▸ Study material:
———

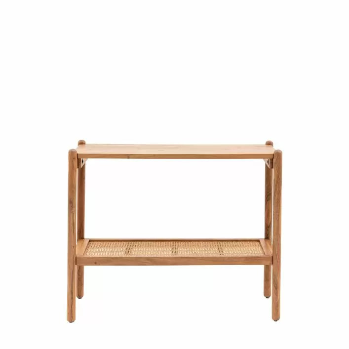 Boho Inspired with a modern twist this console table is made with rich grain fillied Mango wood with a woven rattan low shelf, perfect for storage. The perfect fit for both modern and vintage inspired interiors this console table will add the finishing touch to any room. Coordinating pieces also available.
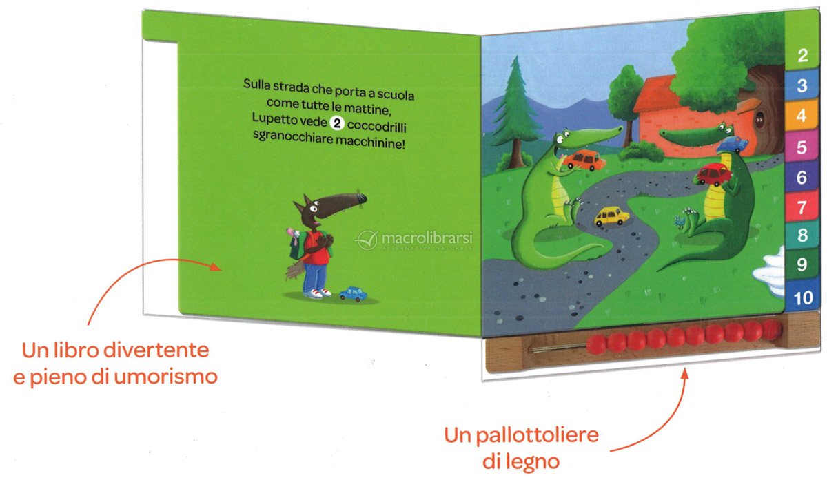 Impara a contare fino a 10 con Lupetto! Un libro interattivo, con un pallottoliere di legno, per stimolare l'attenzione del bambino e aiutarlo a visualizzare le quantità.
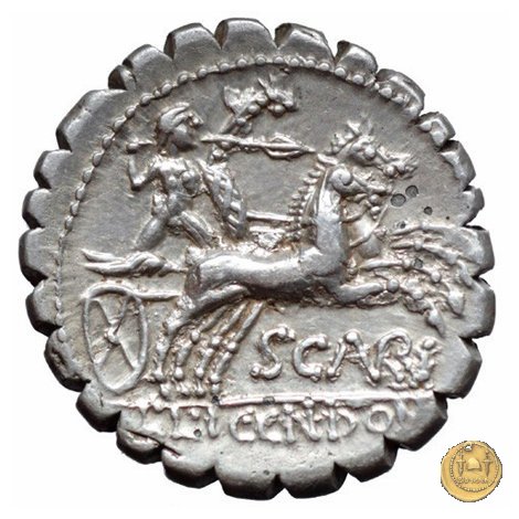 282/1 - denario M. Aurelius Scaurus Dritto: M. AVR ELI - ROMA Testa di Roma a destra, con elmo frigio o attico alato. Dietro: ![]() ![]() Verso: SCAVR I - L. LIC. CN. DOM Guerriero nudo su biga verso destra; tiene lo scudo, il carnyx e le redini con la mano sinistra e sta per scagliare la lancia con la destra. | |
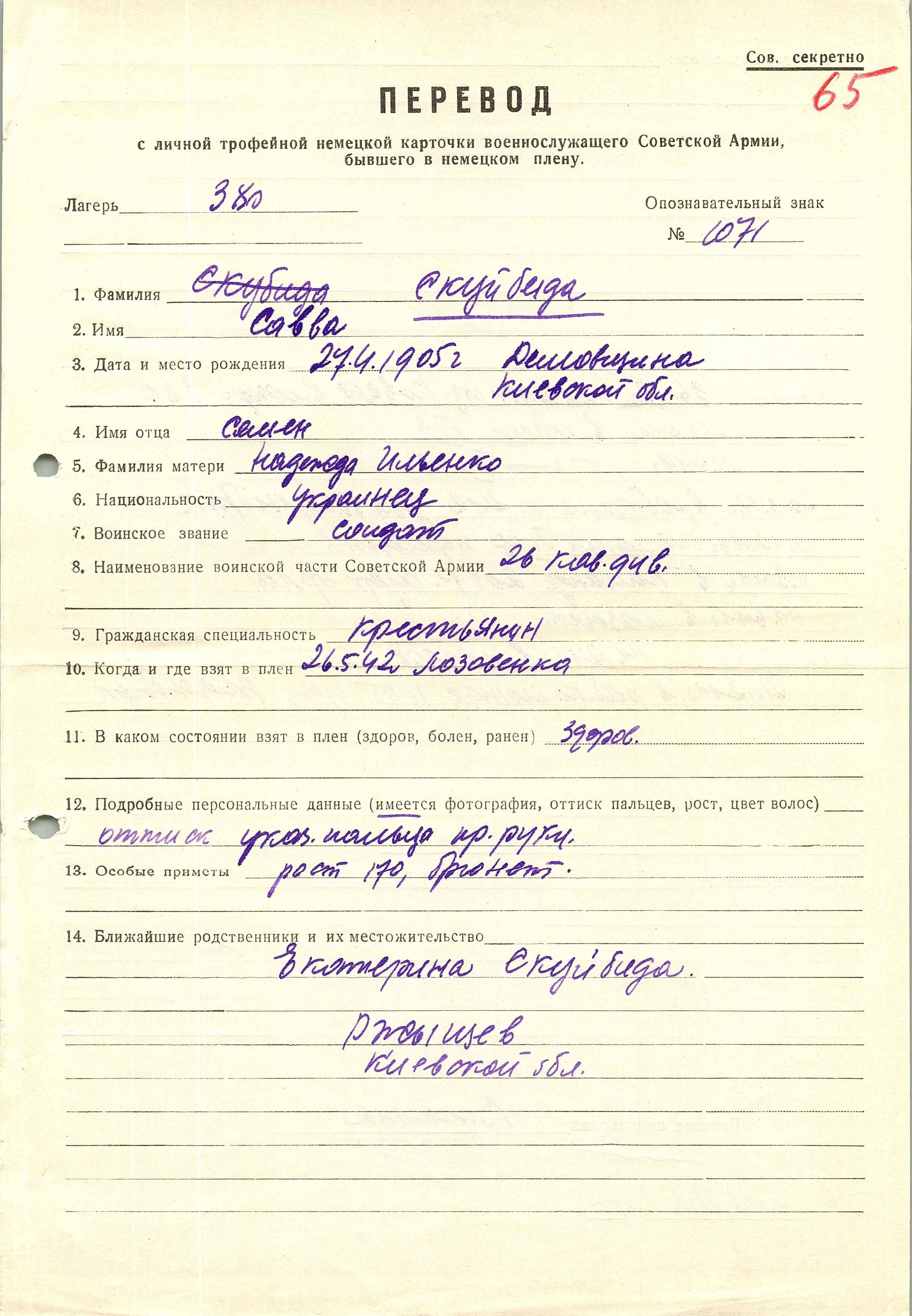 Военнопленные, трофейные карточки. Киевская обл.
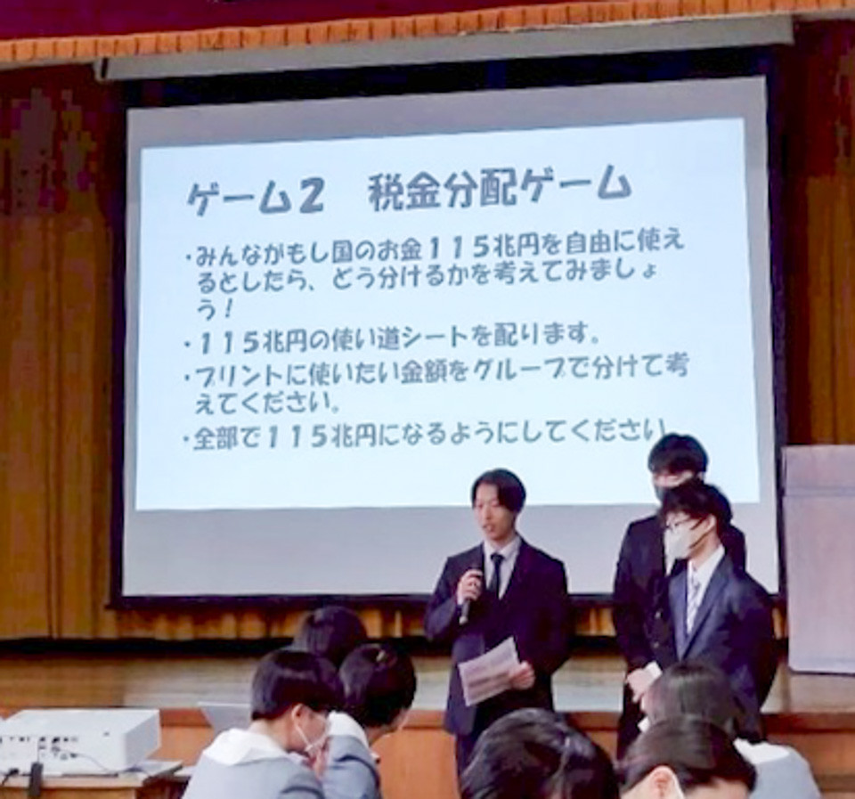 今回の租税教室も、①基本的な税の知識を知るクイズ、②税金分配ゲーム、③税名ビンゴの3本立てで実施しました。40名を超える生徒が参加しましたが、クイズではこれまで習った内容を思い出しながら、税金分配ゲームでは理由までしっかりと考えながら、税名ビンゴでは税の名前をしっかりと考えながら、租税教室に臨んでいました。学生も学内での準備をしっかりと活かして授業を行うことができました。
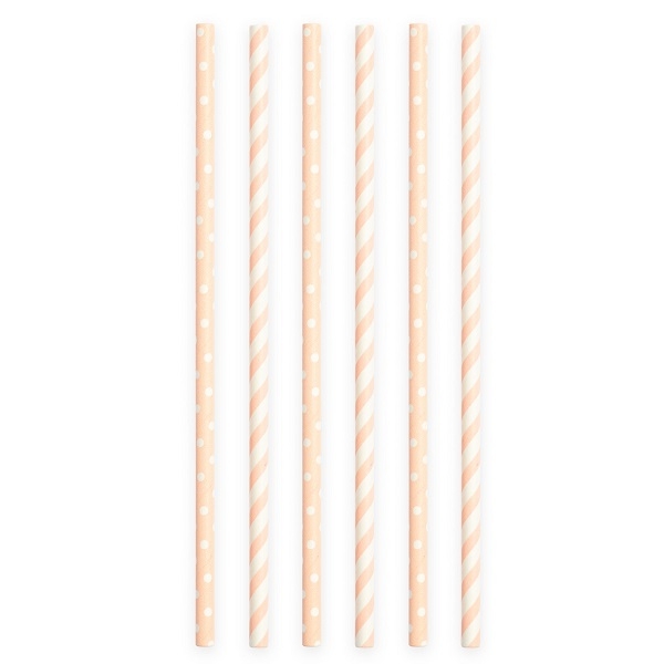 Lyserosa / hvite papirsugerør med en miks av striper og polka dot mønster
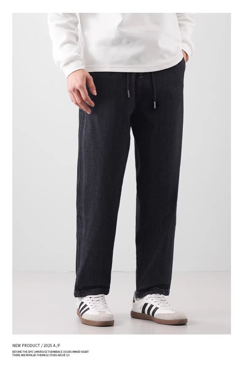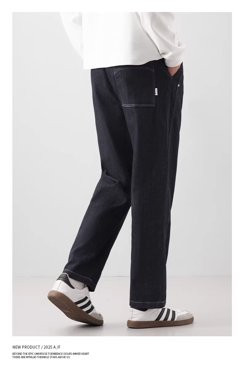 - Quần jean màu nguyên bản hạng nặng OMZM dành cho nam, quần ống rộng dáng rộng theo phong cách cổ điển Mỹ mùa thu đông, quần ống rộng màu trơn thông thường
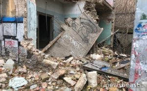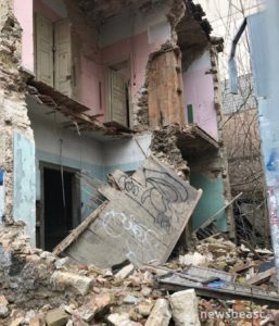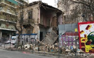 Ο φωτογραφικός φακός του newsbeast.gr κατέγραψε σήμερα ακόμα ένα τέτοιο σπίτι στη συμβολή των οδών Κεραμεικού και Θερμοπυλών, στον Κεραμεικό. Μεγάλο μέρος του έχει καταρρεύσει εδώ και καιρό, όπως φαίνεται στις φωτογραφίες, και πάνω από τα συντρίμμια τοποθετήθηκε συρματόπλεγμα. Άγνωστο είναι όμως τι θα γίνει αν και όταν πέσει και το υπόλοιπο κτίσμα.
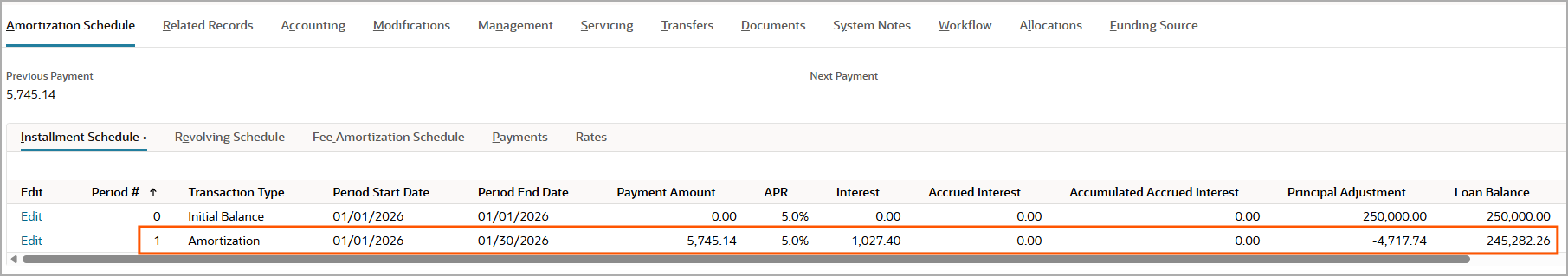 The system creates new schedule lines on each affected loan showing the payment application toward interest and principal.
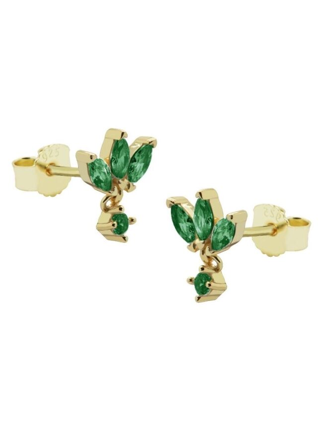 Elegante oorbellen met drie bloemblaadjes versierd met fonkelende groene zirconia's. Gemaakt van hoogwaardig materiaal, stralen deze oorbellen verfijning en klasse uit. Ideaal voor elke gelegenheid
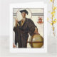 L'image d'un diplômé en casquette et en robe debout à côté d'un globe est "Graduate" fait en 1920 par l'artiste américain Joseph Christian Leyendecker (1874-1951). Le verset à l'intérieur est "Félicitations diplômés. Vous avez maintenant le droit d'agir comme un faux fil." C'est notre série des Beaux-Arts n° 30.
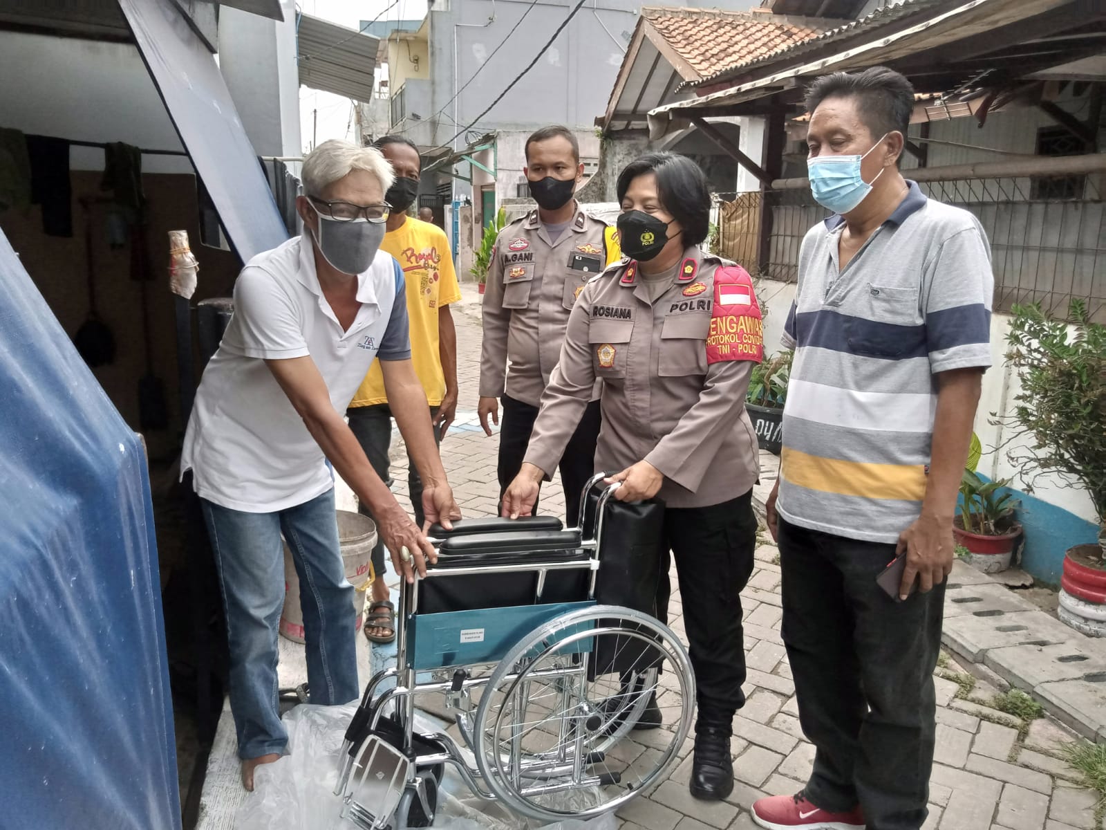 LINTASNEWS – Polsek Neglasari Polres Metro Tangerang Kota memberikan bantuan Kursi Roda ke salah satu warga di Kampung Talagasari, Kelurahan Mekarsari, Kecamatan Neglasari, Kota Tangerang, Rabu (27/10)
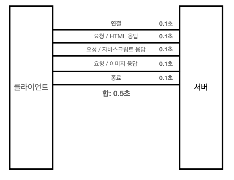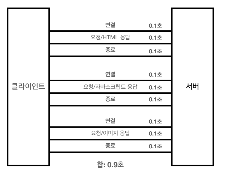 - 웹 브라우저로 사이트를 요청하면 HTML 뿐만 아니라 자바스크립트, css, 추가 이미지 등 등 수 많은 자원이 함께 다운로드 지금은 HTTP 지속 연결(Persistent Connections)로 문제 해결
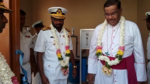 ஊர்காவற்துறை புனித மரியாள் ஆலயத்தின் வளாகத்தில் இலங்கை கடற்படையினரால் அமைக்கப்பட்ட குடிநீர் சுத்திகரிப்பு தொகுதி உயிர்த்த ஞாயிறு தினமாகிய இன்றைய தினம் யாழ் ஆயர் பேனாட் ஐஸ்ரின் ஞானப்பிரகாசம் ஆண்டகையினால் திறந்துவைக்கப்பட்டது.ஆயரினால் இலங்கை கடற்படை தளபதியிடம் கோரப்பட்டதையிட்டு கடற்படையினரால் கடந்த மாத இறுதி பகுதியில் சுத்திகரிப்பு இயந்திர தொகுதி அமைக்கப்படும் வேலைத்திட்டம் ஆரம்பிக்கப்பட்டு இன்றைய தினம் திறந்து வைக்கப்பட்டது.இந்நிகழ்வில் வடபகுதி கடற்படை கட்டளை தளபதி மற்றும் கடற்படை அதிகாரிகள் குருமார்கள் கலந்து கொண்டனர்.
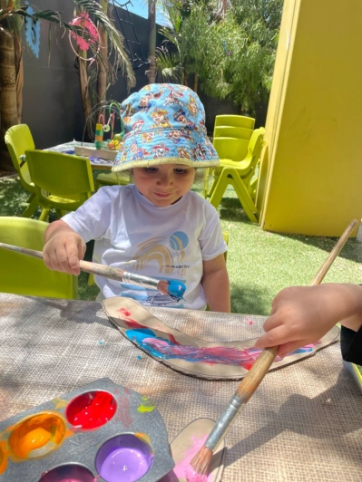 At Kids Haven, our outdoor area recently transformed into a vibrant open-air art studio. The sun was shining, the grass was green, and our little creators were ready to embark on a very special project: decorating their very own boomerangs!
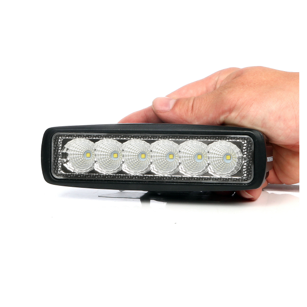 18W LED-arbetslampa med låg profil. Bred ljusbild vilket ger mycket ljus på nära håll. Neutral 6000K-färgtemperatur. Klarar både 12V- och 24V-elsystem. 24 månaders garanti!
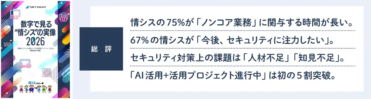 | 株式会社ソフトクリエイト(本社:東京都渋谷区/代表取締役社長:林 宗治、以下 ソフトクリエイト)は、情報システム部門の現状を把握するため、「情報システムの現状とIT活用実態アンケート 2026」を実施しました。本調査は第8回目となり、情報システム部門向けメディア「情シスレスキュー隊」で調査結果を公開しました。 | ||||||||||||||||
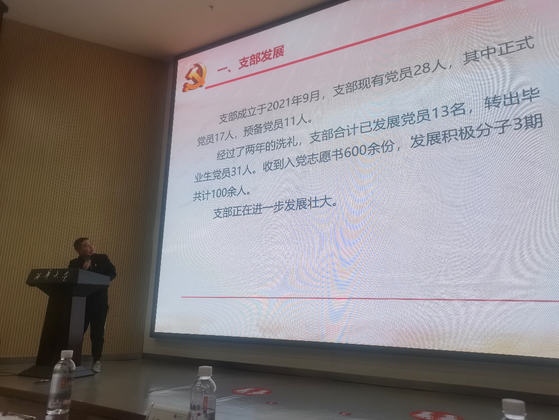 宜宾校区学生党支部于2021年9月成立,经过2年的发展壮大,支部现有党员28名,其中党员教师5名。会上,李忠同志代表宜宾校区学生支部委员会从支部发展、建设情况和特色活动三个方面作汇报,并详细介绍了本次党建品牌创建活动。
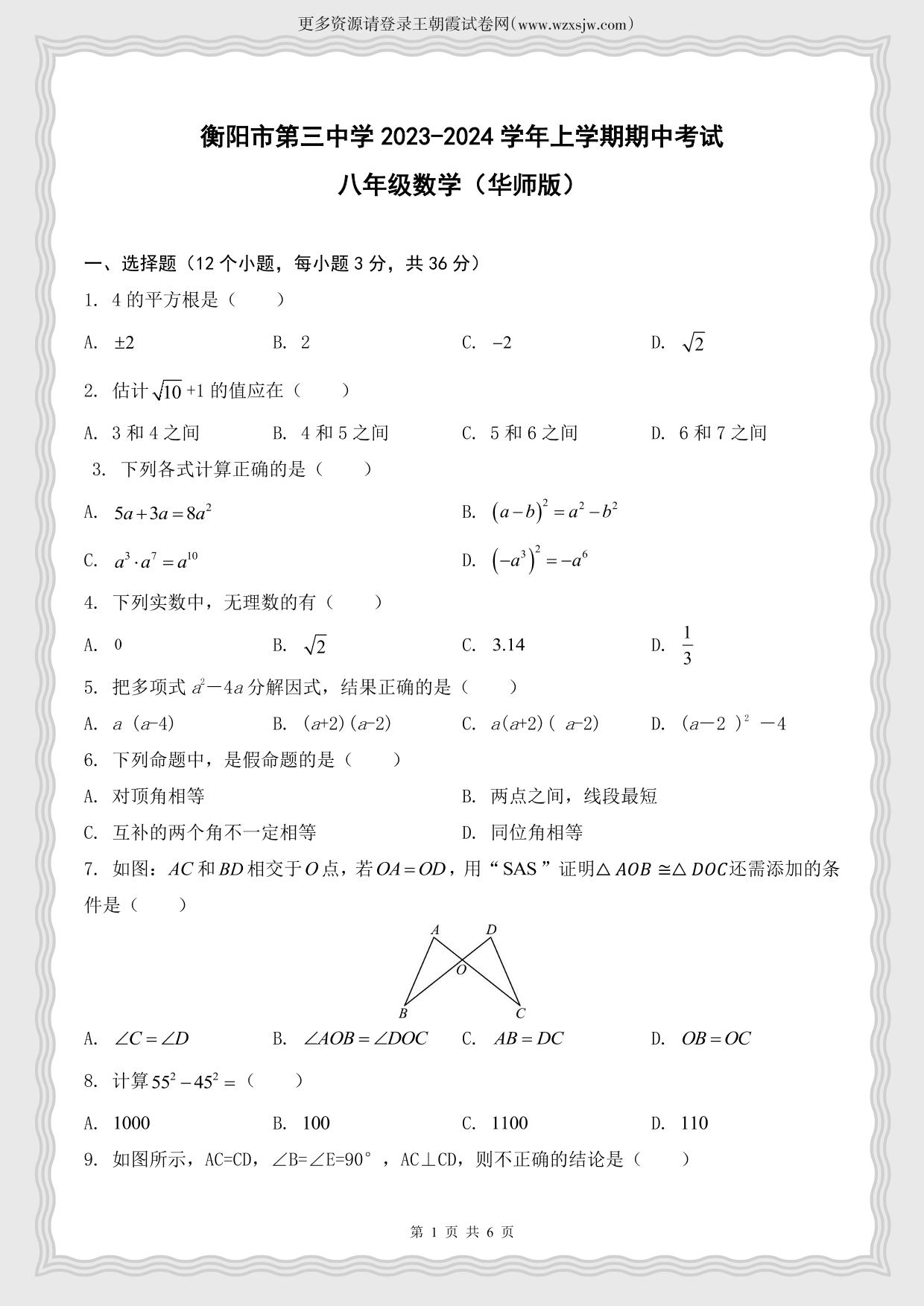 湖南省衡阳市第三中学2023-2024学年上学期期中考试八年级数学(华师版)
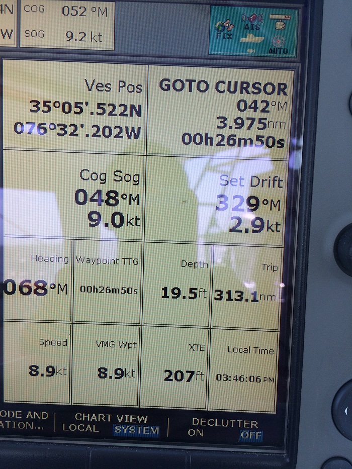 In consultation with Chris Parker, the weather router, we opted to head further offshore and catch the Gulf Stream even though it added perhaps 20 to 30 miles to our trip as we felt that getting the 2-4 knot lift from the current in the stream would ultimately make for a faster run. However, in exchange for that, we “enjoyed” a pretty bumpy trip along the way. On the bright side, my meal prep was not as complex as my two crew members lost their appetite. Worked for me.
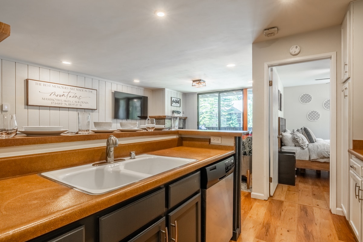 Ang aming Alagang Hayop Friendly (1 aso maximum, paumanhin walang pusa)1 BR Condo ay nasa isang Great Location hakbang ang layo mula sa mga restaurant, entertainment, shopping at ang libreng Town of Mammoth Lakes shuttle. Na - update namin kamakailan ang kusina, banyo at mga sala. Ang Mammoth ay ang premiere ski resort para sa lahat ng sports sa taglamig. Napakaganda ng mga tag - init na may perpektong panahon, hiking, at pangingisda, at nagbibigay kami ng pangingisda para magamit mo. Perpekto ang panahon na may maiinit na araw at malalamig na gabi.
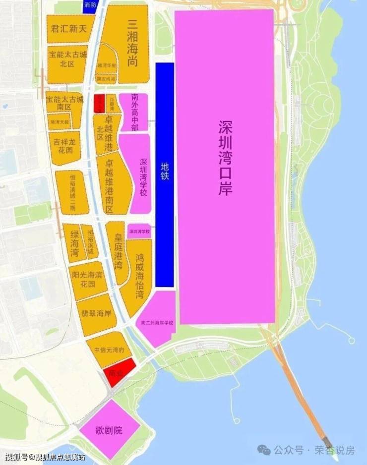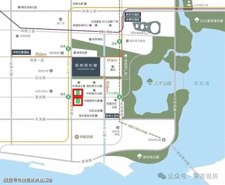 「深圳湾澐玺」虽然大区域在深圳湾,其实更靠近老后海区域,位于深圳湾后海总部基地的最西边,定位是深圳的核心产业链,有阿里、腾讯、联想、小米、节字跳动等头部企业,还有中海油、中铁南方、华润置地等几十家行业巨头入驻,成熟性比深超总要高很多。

———

▸ Aim of the task:
What belongs in the answer is each line above from the line with "At Kids Haven, our" to the line with "18W LED-arbetslampa med", inclusive, reproduced exactly and free of pictures.

▸ Answer to this task:
 At Kids Haven, our outdoor area recently transformed into a vibrant open-air art studio. The sun was shining, the grass was green, and our little creators were ready to embark on a very special project: decorating their very own boomerangs!
 18W LED-arbetslampa med låg profil. Bred ljusbild vilket ger mycket ljus på nära håll. Neutral 6000K-färgtemperatur. Klarar både 12V- och 24V-elsystem. 24 månaders garanti!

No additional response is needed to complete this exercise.